But a third blessing is very manifest here, and one indeed
which is already given to us. Notice the activity of labour
which is mentioned in the text.
God does not promise that there shall be fruitful crops
without labour; but here we find mention made of ploughmen,
reapers, treaders of grapes, and sowers of seed; and all these
persons are girt with singular energy. The ploughman does
not wait, because, saith he, the season has not yet
come for me to plough, but seeing that God is blessing theland,
he has his plough ready, and no sooner is one harvest shouted
home than he is ready to plough again. And so with the sower;
he has not to prepare his basket and to collect his seed;
but while he hears the shouts of the vintage, he is ready
to go out to work.
Now,
my brethren, one sign of a true revival, and indeed an essential
part of it is the increased activity of God's labourers. Why,
time was when our ministers, thought that preaching twice
on Sunday was the hardest work to which a man could be exposed.

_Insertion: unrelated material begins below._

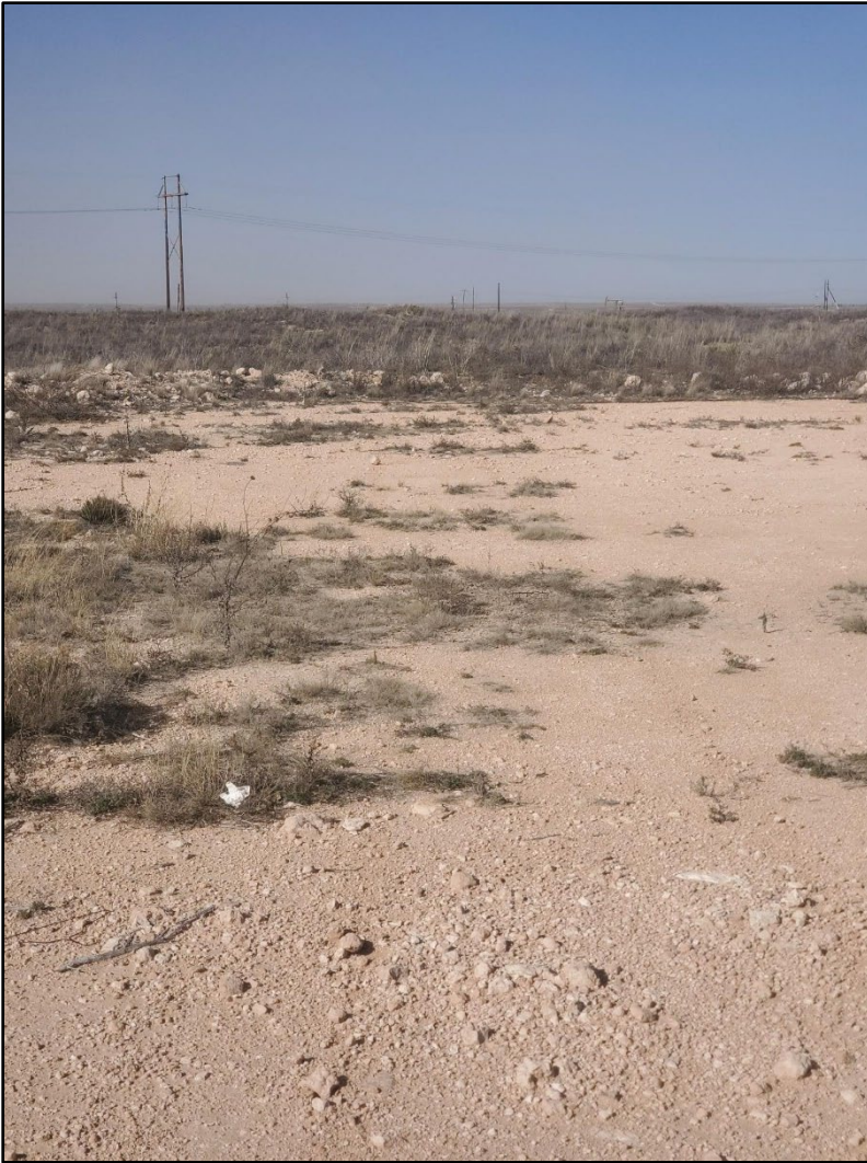
Photo 1: View north of closed-loop tank location, no staining observed

Poor souls, they could not think of preaching on a week-day,
or if there was once a lecture, they had bronchitis, were
obliged to go to Jerusalem, and lay by, for they would soon
be dead if they were to work too hard. I never believed in
the hard work of preaching yet. We find ourselves able to
preach ten or twelve times a week, and find that we are the
stronger for it,--that in fact, it is the healthiest and most
blessed exercise in the world. But the cry used to be,
that our ministers were hardly done by, they were to be pampered
and laid by, done up in velvet, and only to be brought out
to do a little work occasionally, and then to be pitied when
that work was done. I do not hear anything of that talk now-a-days.
I
meet with my brethren in the ministry who are able to
preach day after day, day after day, and are not half so fatigued
as they were; and I saw a brother minister this week who has
been having meetings in his church every day, and the people
have been so earnest that they will keep him very often from
six o'clock in the evening to two in the morning. "Oh !" said
one of the members, "our minister will kill himself." "Not
he," said I, "that is the kind of work that will kill no man.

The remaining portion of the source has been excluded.